Tax credits would be reorganized into six broad categories, such as business development and community assistance. The only programs exempt from the cap would be the circuit breaker and homestead programs, which help elderly and disabled homeowners pay property taxes.
Each category would get a certain percentage of the tax credits allowed under the cap. For example, the biggest share - 30 percent - would go to business development, which would include the state's Quality Jobs program. The next largest share - 20 percent - would be reserved for a new category of "at-large" projects, which could cover unforeseen situations. Economic development officials would oversee the credits. There would be no more "entitlements" - credits guaranteed by law.
While legislators sounded open-minded, some questioned giving so much power over tax breaks to the executive branch.
"That's a shakedown waiting to happen," said House Majority Leader Steve Tilley, R-Perryville. "There's no way that idea's going to make it."
Kerr said that the department would provide annual reports showing the return on the state's investment and that legislators could "take action" if they were unhappy with the results.
Legislators noted that although the proposal would produce long-term savings, it wouldn't do much to help close next year's $500 million budget gap. That's because the state has a huge tax credit liability - more than $2 billion in credits already issued but not yet redeemed.
Time is short to pass a major change, which would need approval in both the House and Senate before the session adjourns May 14. But the state faces unprecedented budget problems that threaten popular programs such as home-delivered meals and K-12 education.
"How can you make those kinds of decisions and not touch the low-income housing tax credit?" asked Sen. Tom Dempsey, R-St. Peters.

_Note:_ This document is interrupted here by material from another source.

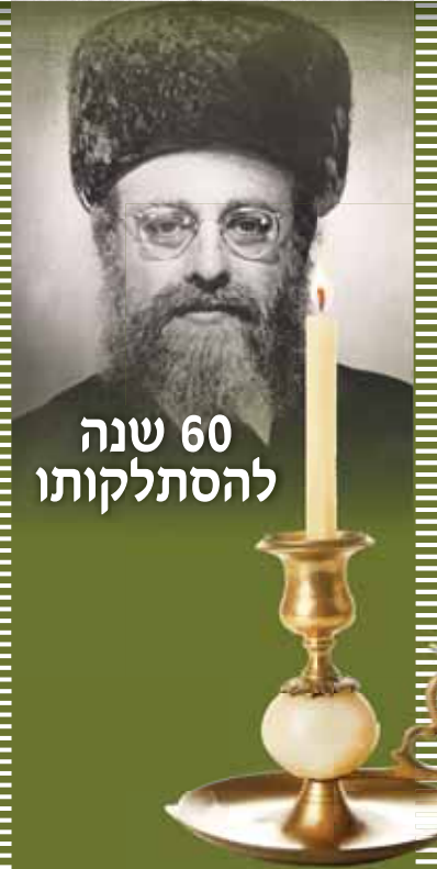
60 שנה להסתלקותו

Critics have argued for years that groups receiving tax credits end up with privileged status because they don't need to fight each year for scarce state appropriations. As the House began dealing Tuesday evening with what one legislator called "shocking" cuts to balance next year's budget, some said tax credit recipients must share the pain.
Most tax credit programs were established in the early 1990s, when the state was flush. Now, with revenue plummeting, "we do not have the luxury of that extra money," said Rep. Sara Lampe, D-Springfield.